7. (Julia K. Murray, 1981) This object was published (as Western Chou [Zhou] 周) in Ueyama Shunpei 上山春平, "The Six Ministries (Liu guan 六官) in the Chou li [Zhouli] 周禮 and the Cubical Divine Symbol (Fang ming 方明) in the Yi li 儀禮 = 周禮の六官制と方明," Toho gakuho 東方學報 53 (1981), p. 165, fig. 3, left. (The attribution to the Western Chou [Zhou] 周 period seems wrong in view of the Warring States style of raised curls appearing as surface ornament on the piece.)

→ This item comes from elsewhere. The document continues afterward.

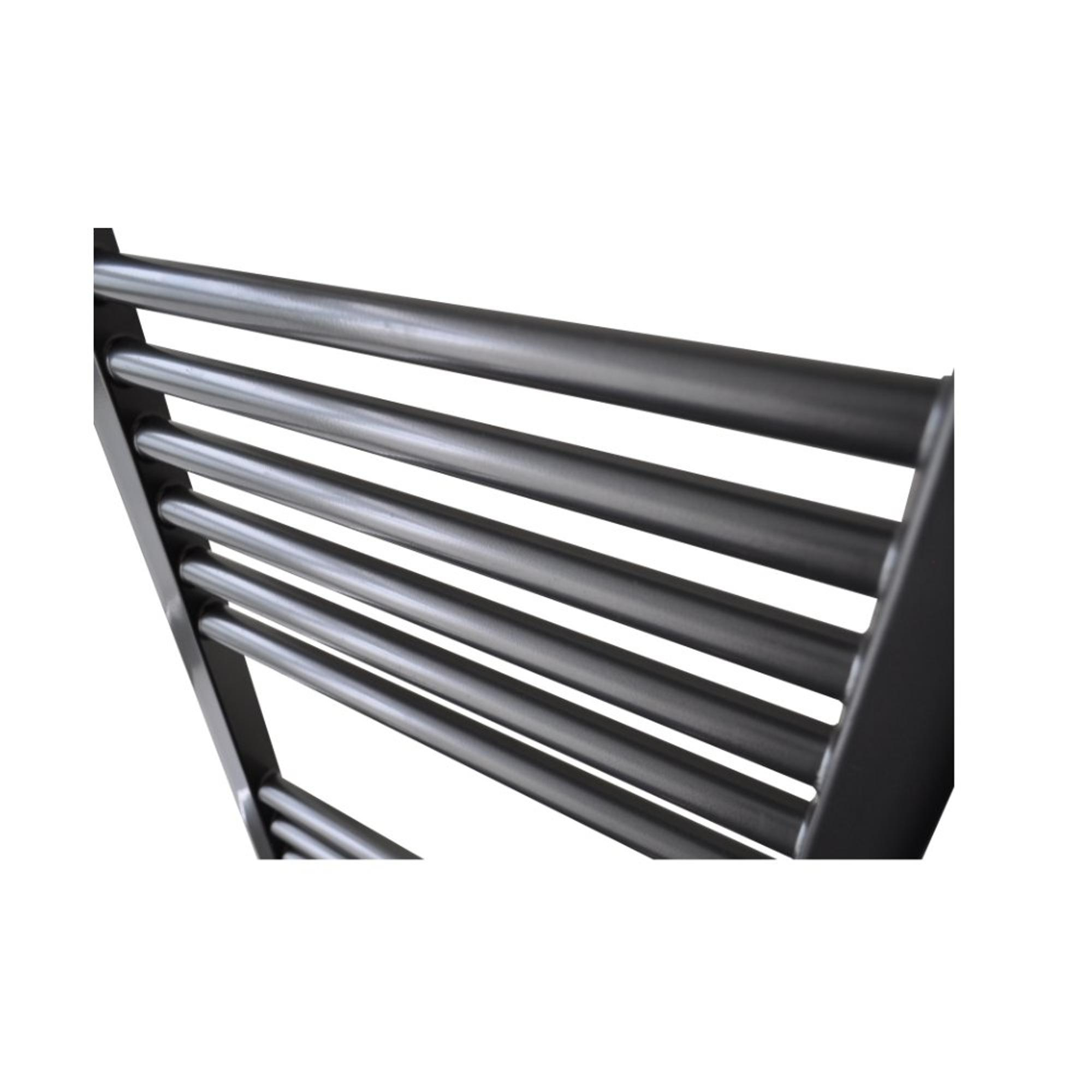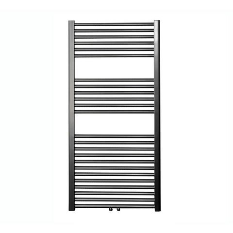 Een steeds populairder model is de Sanicare radiator met een midden/onder aansluiting met een hoh maat van 5 cm. Deze middenaansluiting radiator heeft als grote voordeel dat dankzij de onderaansluiting de leidingen bijna niet zichtbaar zijn. Hierdoor komt de stijl en vormgeving van de radiator nog beter tot zijn recht. Deze radiator kan ook nog gewoon aangesloten worden op de reguliere aansluitpunten. Er zijn dus 4 standaard aansluitpunten en 2 extra aansluitpunten midden/onder. Deze Sanicare design radiator met middenaansluiting van 120 cm hoog en 60 breed wordt ook wel een buisradiator of handdoekradiator genoemd. Deze radiator bestaat uit buizen met ruime plaats om uw handdoeken op te hangen en ze luxueus warm te maken. De radiator neemt niet veel ruimte in beslag en brengt een vleugje luxe naar uw badkamer. Hij produceert een uitstekende warmteafgifte en voorziet u van warme handdoeken in een mum van tijd. Dit model radiator is er ook in een 160 cm hoog. Ook functioneel en stijlvol zijn de collectie handdoekbeugels en handdoekknoppen (ook handig om een badjas aan op te hangen). Kleur: Gun metal Uitvoering: middenaansluiting, recht Afmeting: 120 x 60 cm. Hart op Hart: 5 cm. Watt: 810 Incl. ophanging Aan te sluiten midden/onder, aan de onder- of bovenzijde. Incl. 3 afsluiters en ontluchter voor de aansluitpunten welke niet gebruikt zullen worden.

8. (Thomas Lawton, Chinese Art of the Warring States Period: Change and Continuity, 480--222 B.C. [Washington, DC: Smithsonian Institution, 1982], cat. no. 109) Fashioned of semi translucent gray green nephrite, the slender kuei [gui] 圭 has a pointed top and straight base. In cross section, the form is an elongated diamond. Both faces of the kuei [gui] 圭 are decorated with raised spirals arranged in diagonal and horizontal rows and framed by a median crest and convex border around the edges. This kuei [gui] 圭 is said to have been unearthed in Shansi [Shanxi] 山西 province. [1]
The characteristic pointed shape of late Eastern Chou [Zhou] 周 kuei [gui] 圭 has prompted some scholars to suggest that it derives ultimately from the ko [ge] 戈, or dagger axe. Perhaps the most speculative interpretation of the kuei [gui] 圭 is that given by Howard Hansford, who suggests that the kuei [gui] 圭 used during the early and middle Chou [Zhou] 周 actually were Shang 商 dynasty jade ko [ge] 戈 captured at the time of the conquest conferred by the Chou [Zhou] 周 ruler on his feudal lords, and subsequently passed on their successors as titles to their fiefs. Hansford also suggests that if insufficient Shang jade ko [ge] 戈 were available, facsimiles would have been made in the Chou [Zhou] 周 dynasty to bestow on newly created nobles, and that some of those jades that have come down to us are, in fact, of Chou [Zhou] 周 manufacture. [2]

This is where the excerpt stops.